Himmler’s Antiquity




IN 1924, as a secretary and propaganda assistant for the young Nazi Party, Heinrich Himmler was spending a great deal of time on a train as he traveled Bavaria promoting his party. He had with him a small treatise on the German race called de Origine et Situ Germanorum, or On the Origin and Situation of the Germans. The treatise was written in 98 CE by a Roman senator named Tacitus, and Himmler read it avidly, finding in it eloquent evidence of the superiority and purity of the German race. In Tacitus’s description of the tall, blond, rather savage northern tribes, Himmler saw the superior Aryan stock whose preservation and dominance motivated the Nazis. “We will return to being what we were,” he wrote in his diary, and he vowed to rediscover the “nobility of our ancestors.”

The Germania, as the treatise is commonly known, remained an important source of ideology and pride for the Nazis. Nor was it an isolated use of ancient authority: Nazi Germany and Fascist Italy both proudly and explicitly connected themselves with the ancient Romans and borrowed many of their symbols — the very name “Fascist” refers to an important Roman status marker, and the Nazi Imperial Eagle is derived from the Roman standard.

Himmler’s reading of antiquity, on that train in 1924, was extreme, but it was also the natural extension of the discipline’s origins; earlier classicists had simply been more genteel, or perhaps less proactive, in their application of white supremacy to antiquity. After World War II, classicists were all too happy to denounce explicitly racist appropriations like Himmler’s as abuses perpetrated by extremist ideologues, to sweep them under a rug in an upper chamber, and to return to what they saw as their unbiased, unspoiled, and objective engagement with antiquity. The mainstream of the field continued to do this for decades, leaving the uglier aspects of the discipline’s history largely unexamined, assuming that our dry analyses of the distant past were safely contained in our responsible hands.

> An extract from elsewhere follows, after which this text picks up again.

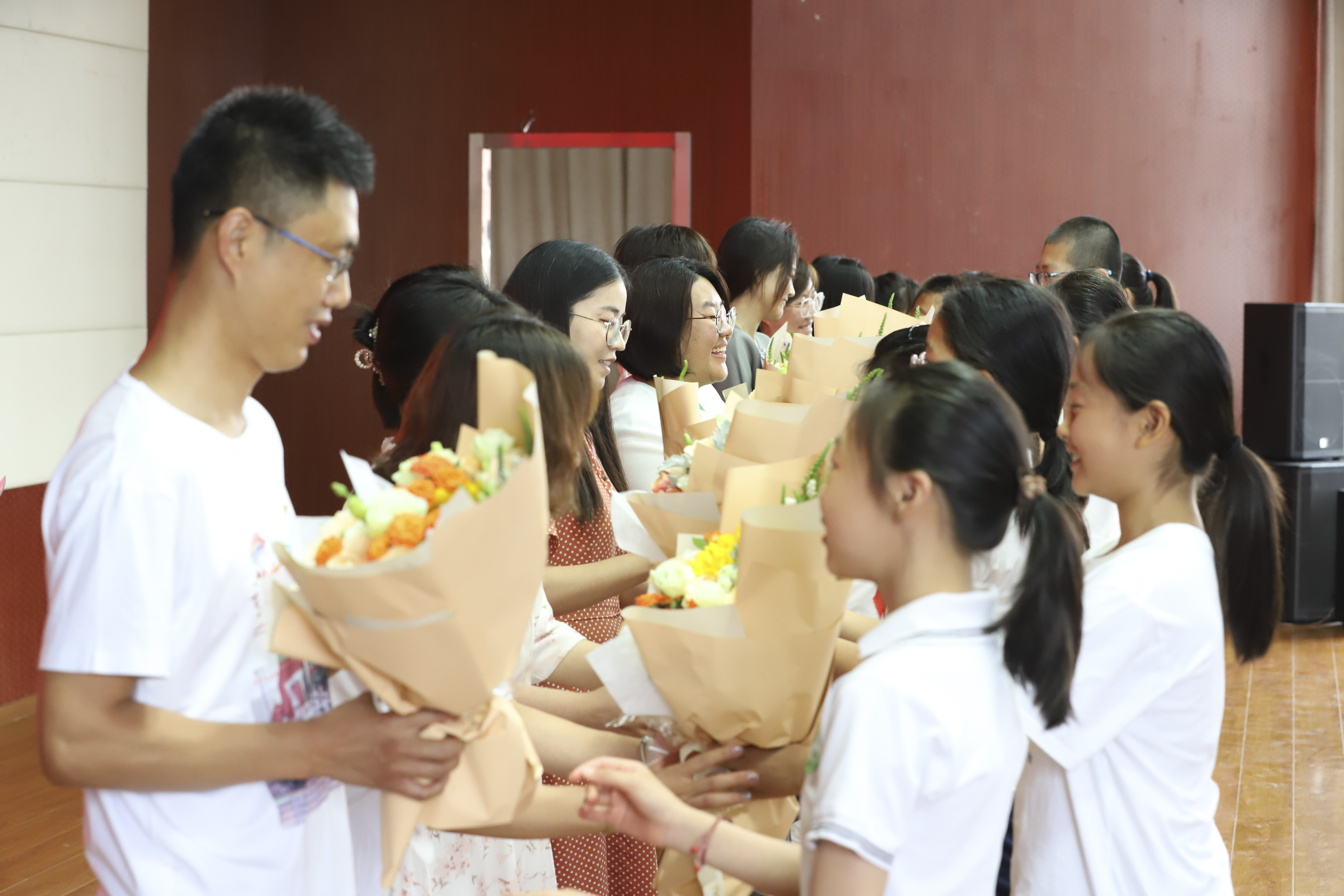 “饮其流者怀其源,学其成时念吾师。”六年级学生代表为10位班主任献上了鲜花。老师的关怀培育,是同学们阔步前行的铺路石。学生们纷纷上前,将鲜花递给班主任,表达了自己内心深处的感激之情。班主任们感受到了学生们的真诚和爱意,他们用温暖的微笑接过了学生们的祝福,同时也鼓励他们在未来的学习中继续努力。

In recent years, however, we have seen the danger of our complacency, as the increasing brazenness of the new and very vocal “alt-right” has been proudly asserting Greco-Roman antiquity as evidence of the superiority of what they see as their white European heritage. Groups like Identity Evropa explicitly view the white marble statues of antiquity as evidence for racial purity and the glorification of whiteness. The same people who lobby for making America a white ethno-state use Spartan slogans alongside their Confederate flags. Countless Twitter users who rail against the impending “white genocide” have some version of the iconic crested Greek helmet as their avatar. They have thoroughly and happily accepted the white-washed view of antiquity shaped, intentionally or not, by generations of scholars.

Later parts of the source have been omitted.